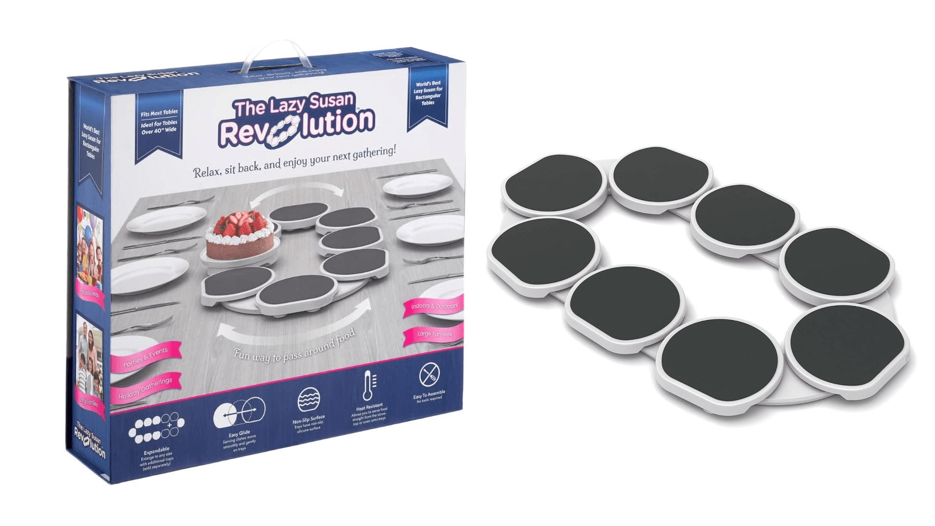 This tabletop lazy Susan allows guests to easily serve themselves. It comes with tracks and eight trays that you can customize based on the size of your table. To use, fit the tracks together and place a number of heat-resistant trays on top (depending on how many dishes you’re serving). Guests can glide dishes to their seats when it’s time to eat. ({{dynamicPrice}}, Amazon)
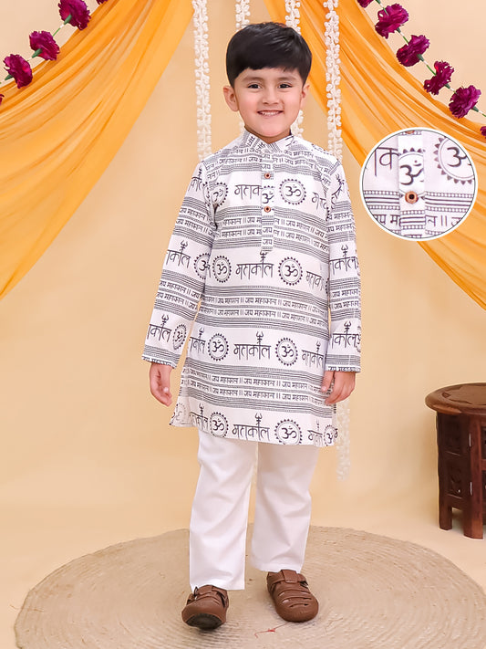 Boys White Cotton Full sleeves Om Mahakal Printed Kurta Pyjama Set
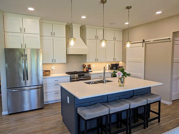 Step into contemporary luxury with this stunning ranch home boasting five bedrooms and three and a half bathrooms. Entertain with ease in the open floor plan featuring a spacious kitchen, dining area, and living room, seamlessly blending style and functionality. The kitchen offers modern amenities and a convenient walk-in pantry, while a covered deck off the dining room provides the perfect spot for outdoor gatherings. Retreat to the large family room in the basement for cozy evenings in. For added convenience, enjoy an oversized three-car heated garage, complete with an outlet for an electric car charger. Outside, indulge in the relaxation of a hot tub. This move-in ready home is the perfect combination of comfort and sophistication. Call today for your own personal tour.
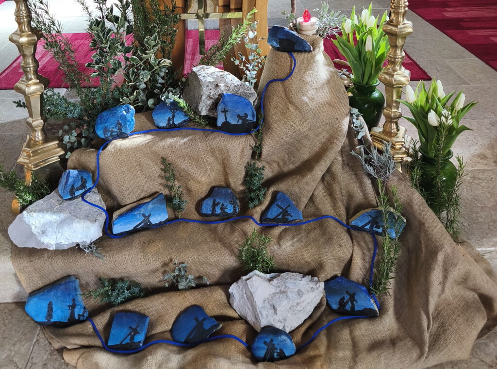 “Kaj mi pomeni postni čas? Lahko v sebi premislim? Si dovolim vzeti čas za premislek? Ali znam odpreti vsebine v literaturi, morda na spletu… Ali preprosto moliti, se pogovarjam z Jezusom na svoj oseben način. Naj me On vodi, naj me usmerja, naj mi spregovori. Ali znam prositi za to in biti odprt za božja sporočila? V župnijski cerkvi me nagovori križev pot pred daritveno mizo. Vsaka postaja na svojem kamnu. Jezus je sprejel obsodbo in križ na svoje rame ter se podal na pot. Kako pa jaz sprejmem svoj življenjski križ? Lahko najdem tolažbo in pomoč v veri, upanju in ljubezni? Celo življenje se učim tega. Vedno znova prisluhnem božjim sporočilom, a še vedno znam omahniti, pasti, obupovati, toniti… Tedaj se lahko… kaj lahko? Moram se okleniti božjega usmiljenja! Tudi Jezus je vedno znova vstal, se pobral in nadaljeval. Ne le zase, temveč tudi zame, zate, za vse nas. Na poti je srečal njemu pomembne ljudi… Tudi moje življenje je polno ljudi, s katerimi živim, delam, jih srečujem, sodelujem… Kaj mi pomenijo? Kako jih sprejemam? Kaj vidim v njih? Kaj vidim v sočloveku? Me potrebuje, mu lahko pomagam, ali jaz potrebujem njegovo pomoč, oporo…? Morda je letošnji postni čas – čas, ko sem lahko hvaležen za ljudi okoli sebe. Čas, ko v sopotnikih – na moji življenjski poti – vidim dobro, pozitivno, in iz svojega srca preženem predsodke, pomisleke in negativne misli. Tudi moje življenje je potovanje skozi načrt božjega križevega pota. Na meni je, da v to zaupam in uresničujem svoje poslanstvo na katerega sem poslan.
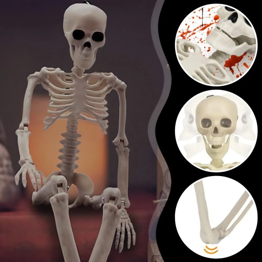 ✔️Wszechstronność✔️Dzięki ruchomym elementom, szkielet można dostosować do różnych scenerii i motywów, co czyni go uniwersalną dekoracją na Halloween lub inne tematyczne wydarzenia.

==========

Leaving out the pictures, restate each line of the listing above verbatim, from the opening line to the line bearing "Step into contemporary", inclusive, and no more.

 This tabletop lazy Susan allows guests to easily serve themselves. It comes with tracks and eight trays that you can customize based on the size of your table. To use, fit the tracks together and place a number of heat-resistant trays on top (depending on how many dishes you’re serving). Guests can glide dishes to their seats when it’s time to eat. ({{dynamicPrice}}, Amazon)
 Boys White Cotton Full sleeves Om Mahakal Printed Kurta Pyjama Set
 Step into contemporary luxury with this stunning ranch home boasting five bedrooms and three and a half bathrooms. Entertain with ease in the open floor plan featuring a spacious kitchen, dining area, and living room, seamlessly blending style and functionality. The kitchen offers modern amenities and a convenient walk-in pantry, while a covered deck off the dining room provides the perfect spot for outdoor gatherings. Retreat to the large family room in the basement for cozy evenings in. For added convenience, enjoy an oversized three-car heated garage, complete with an outlet for an electric car charger. Outside, indulge in the relaxation of a hot tub. This move-in ready home is the perfect combination of comfort and sophistication. Call today for your own personal tour.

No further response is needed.